A modular and extendible file/format validation framework
FLint is a framework to facilitate a configurable file/format validation. It's underlying architecture is based on the idea that file/format validation has nearly always a specific use-case with concrete requirements that may differ from say a validation against the official industry standard of a given format. The following are the principle ideas we've implemented in order to match such requirements.
The core module provides an interface for new format-specific implementations, which makes it easy to write a new module. The implementation is provided witha straight-forward core workflow from the input-file to standardised output results. Several optional functionalities (e.g. schematron-based validation, exception and time-out handling of the validation process of corrupt files) help to build a robust validation module.
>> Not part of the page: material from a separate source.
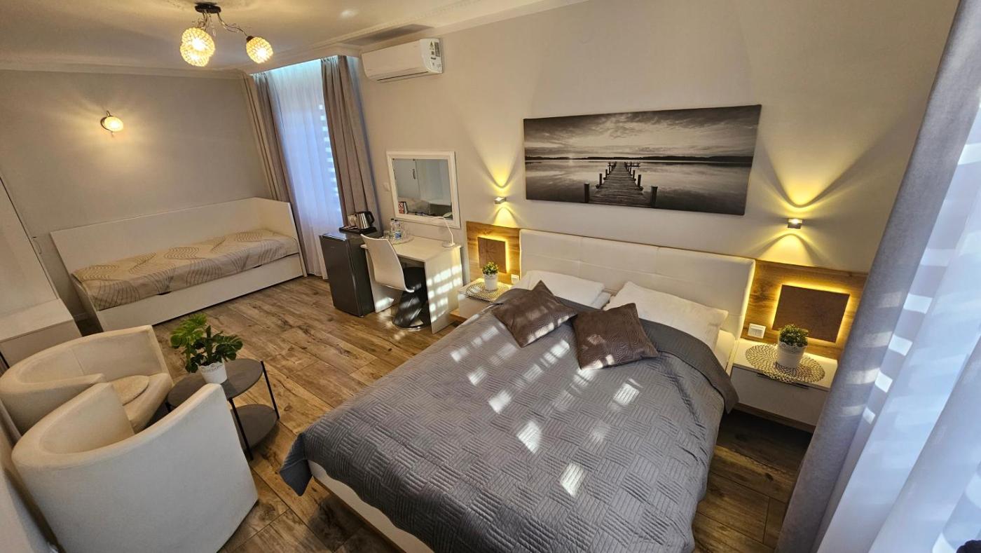 Pokój Dwuosobowy typu Deluxe z wanną. This double room offers a hot tub. The double room includes a private bathroom equipped with a bath, a shower and a hairdryer. The double room provides a wardrobe, an electric kettle, a sofa, a carpeted floor, as well as a flat-screen TV with cable channels. The unit offers 1 bed. Pokój Dwuosobowy - 2 osobowy. Powierzchnia pokoju ok.: 20 mkw.

The core module includes (optional) a schematron-based policy-focused validation. 'Policy' in this context means a set of low-level requirements in form of a schematron xml file, that is meant to validate against the xml output of other third-party programs. In this way domain-specific validity requirements can be customised and reduced to the essential.
Aside internal logic, FLint offers wrappers around a variety of third-party libraries and tools:
- Apache PDFBox
- Apache Tika
- Calibre
- EPUBCheck
- iText - note that this library is AGPL3 licensed
The wrappers trye to remove the complexity from the specific programs and simplify calls from the core.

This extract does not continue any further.